Conclusion: Controllers should read the report, reassess their current cookie banner, and consider the possibility of revising it. Read more on our blog.
2. Cookie Update 2: guidance for telemedia operators (Cookie Guidance) by the German supervisory authorities: final, but not really practical
by Dr. Andreas Splittgerber
The German supervisory authorities (DSK) published an updated and final version of their Cookie Guidance at the end of 2022. The DSK had shared the draft version one year ago and invited stakeholders to comment. These comments and the DSK’s answers are available in a separate paper, which is helpful when diving deeper into certain questions. The updated Cookie Guidance is a bit more practical than the draft, but in many passages, it is still too abstract (for example, it does not provide practical guidance for if and when statistic or analytics cookies can be used without consent).
Conclusion: Even if the Cookie Guidance does not always provide practical guidance, website and app operators that address German users will have to use this document as a benchmark – together with the recently published and similar EDPB report (see above, Cookie Update 1). Authorities in other EU member states follow similar approaches, as can be seen from the recent €5 million fine imposed by the Commission Nationale Informatique & Libertés (the National Commission for Data Protection) against TikTok for not providing a clear cookie decline button.

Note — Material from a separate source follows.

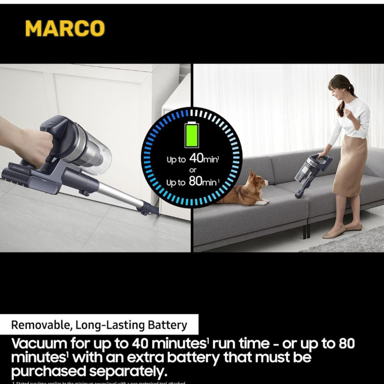 این جارو شارژی2.3 کیلوگرم وزن دارد و 250 در 203 در 120 میلی متر ابعاد آن را تشکیل میدهند. این جاروی شارژی، توان مکش 150 وات دارد و یک مخزن 0.8 لیتری دارد که میتوانید آن را بشویید. ارتفاع جارو قابل تنظیم است و همانطور که زودتر اشاره کردیم این جارو میتواند به یک جاروی دستی و کوچک تبدیل شود که توسط آن بتوانید روی مبل و بخشهایی از دیوار را تمیز کنید یا حتی آن را داخل ماشین ببرید و صندلیها و کفی ماشین را نظافت کنید. اگر هم بخواهید میتوانید جارو شارژی سامسونگ مدل JET 60-VS15A6031R4 را برای تمیز کردن زمین استفاده کنید و دسته آن را کوتاه نکنید. این محصول با یک باتری لیتیوم یونی کار میکند که برای شارژ شدن، نیاز به 210 دقیقه زمان دارد. پس از آن میتوانید به مدت 40 دقیقه با جارو کار کنید. میزان تولید صدای این جارو 86 دسی بل است. به همین علت، بهتر است آن را در مواقعی که کسی مشغول استراحت نیست روشن کنید.

3. Cookie Update 3: regional Court Munich I: design of a Cookie Banner
by Sven Schonhofen, LL.M.
Conclusion: The Regional Court Munich I follows the opinion of some data protection authorities: In addition to an “Accept” button, a rejection option must also be possible without additional effort, i.e., with the same number of clicks. Companies should check their cookie banners for this.
4. Data transfers: draft adequacy decision for the United States
by Christian Leuthner
The European Commission issued a draft adequacy decision for the EU-U.S. data protection framework on December 13, 2022. Together with the executive order issued by President Biden on October 7, 2022 (Executive Order), the European Commission is of the opinion that the level of data protection in the United States is comparably high to that in the EU. In particular, EU data subjects would now have several means of seeking a remedy against unlawful data processing (e.g., an arbitration board and a dispute resolution procedure). In addition, the Executive Order limits access to data for law enforcement and national security purposes to an appropriate level and provides for adequate judicial review of data processing should data subjects complain. The draft is now in consultation with the EDPB and member representatives.
The criticism already expressed regarding the Executive Order not appropriately addressing the concerns raised by the Court of Justice of the European Union (CJEU) remains in the context of the adequacy decision. Max Schrems/NYOB has already announced the possibility of taking legal steps. The Hamburg Data Protection Authority has offered a ray of hope in its statement regarding the Executive Order, which calls for a well-founded and open-ended examination.
Conclusion: The new adequacy decision is a positive development, and a quick implementation would bring legal certainty with regard to international data transfers, despite possible proceedings before the CJEU.
5. CJEU: the data subject’s access right includes the disclosure of the specific recipients
by Florian Schwind
The CJEU has strengthened the right of access under article 15 of the GDPR. In its judgment of January 12, 2023 (docket no. C-154/21), the CJEU ruled that article 15(1)(c) of the GDPR must be interpreted in such a way that not only are the categories of recipients to be disclosed, but the specific recipients must also be named. This applies regardless of whether the personal data has already been or will be disclosed to these recipients. If it is impossible to disclose the specific identity, the access request will be found to be manifestly unfounded or excessive, an exception will apply, and the disclosure of the categories is sufficient.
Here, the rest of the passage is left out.